For us in America, Canada & France the second anchor-animal is a moose, in Japan it’s a tanuki, in China a giant panda, in South America a jaguar, in Australia and New Zealand it’s a koala, and in jolly old England a corgi. They even went so far as to get actual reports/presenters to voice their animal counterparts and for some, like the moose, even gave them a spoofed version of theirs voice actor’s name.
Overall, I give Zootopia a solid ten out of five stars. It is by far my favorite film of the CGI generation of Disney Animated Films, not including those done by Pixar because that’s an entirely different studio in question. Is it a movie for kids though? Eh… kind of sort of. This is essentially a buddy-cop film and is certainly bright and colorful enough for any child to enjoy but the true message, and some of the darker moments, will either fly right over their heads or scare the freaking daylights out of them. This film had a jump scare, a honest-to-goodness, jump scare that actually startled me, which hasn’t happened in a long while let me tell you.

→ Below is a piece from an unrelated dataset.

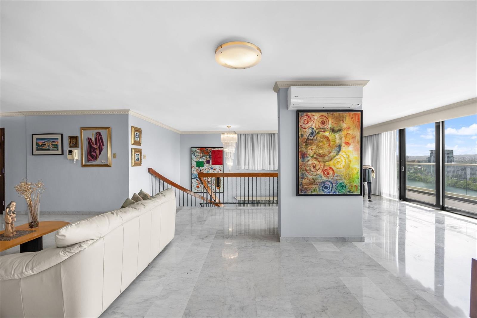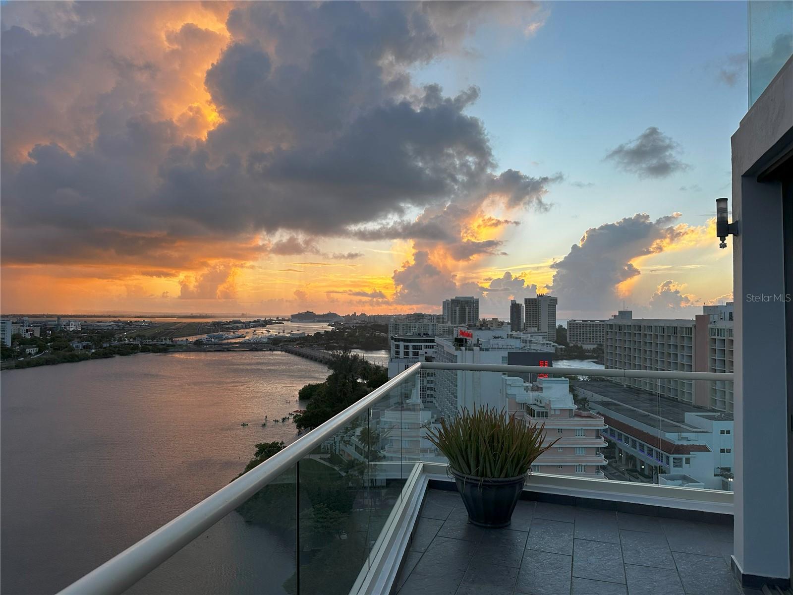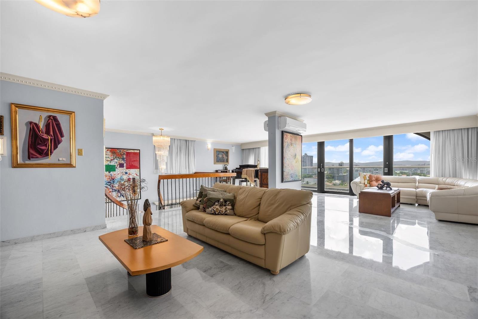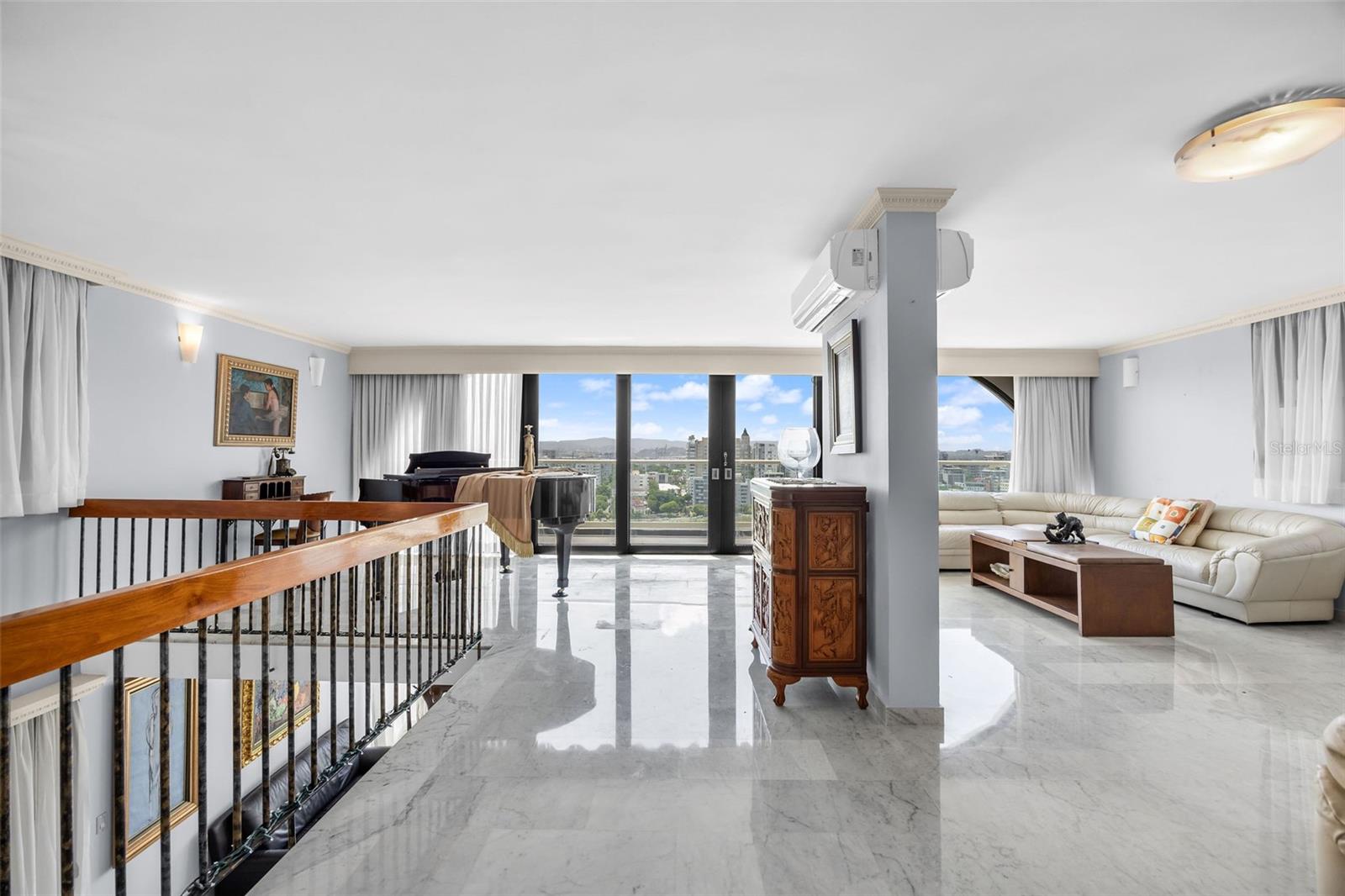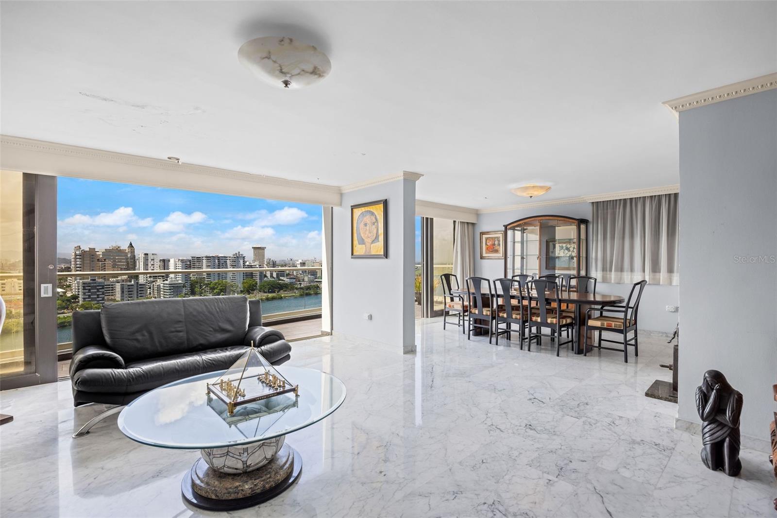 PENTHOUSE FLOOR 17 · 8 COVERED PARKING (4 BACK-TO-BACK) · 6,600 SQ FT · 360° OCEAN VIEWS · 6 BED · 4 FULL + 2 HALF BATHS · Located in Ashford Lagoon Plaza on Condado’s Ashford Avenue, this penthouse occupies the entire 17th floor (PH-17) across two levels plus a mezzanine (third level), 6,600 sq ft (5,729 sq ft GLA). It features 6 bedrooms, 4 full bathrooms, and 2 half baths. From three open terraces you’ll enjoy spectacular vistas: to the south, the city and Condado Lagoon; to the north, the Atlantic Ocean with permanently unobstructed views. Access is exclusive, with two key-access elevators arriving directly into the residence via a private foyer. Interior highlights include space for a private gym, a large family room/lounge overlooking the city and lagoon, and a wine cellar. The building provides direct lagoon access with a small wooden dock, lobby, gym, restrooms/storage, and a full-capacity backup generator for the entire residence—an offering hard to replicate in the area. As an extraordinary advantage, the PH includes 8 covered parking spaces, configured as four back-to-back pairs, a key differentiator for multi-car households or collectors. Compared with Condado market references—where standout penthouses range 2,895–3,991 sq ft and typically with 4–5 parking spaces—this PH far exceeds the size and doubles the parking capacity, positioning it as a truly rare opportunity.

I’ve heard people have been comparing this film to The Lion King and in a way, yes, it certainly can be acclaimed to match it in many ways but that’s an unfair comparison to make. Aside from the generational differences between the two films, we’re talking a entirely different story and moral message between them. If you go see Zootopia, go see it with the idea that you’re about to watch another Disney gem but decide how much it shines in your heart only after you’ve seen its brilliance for yourself.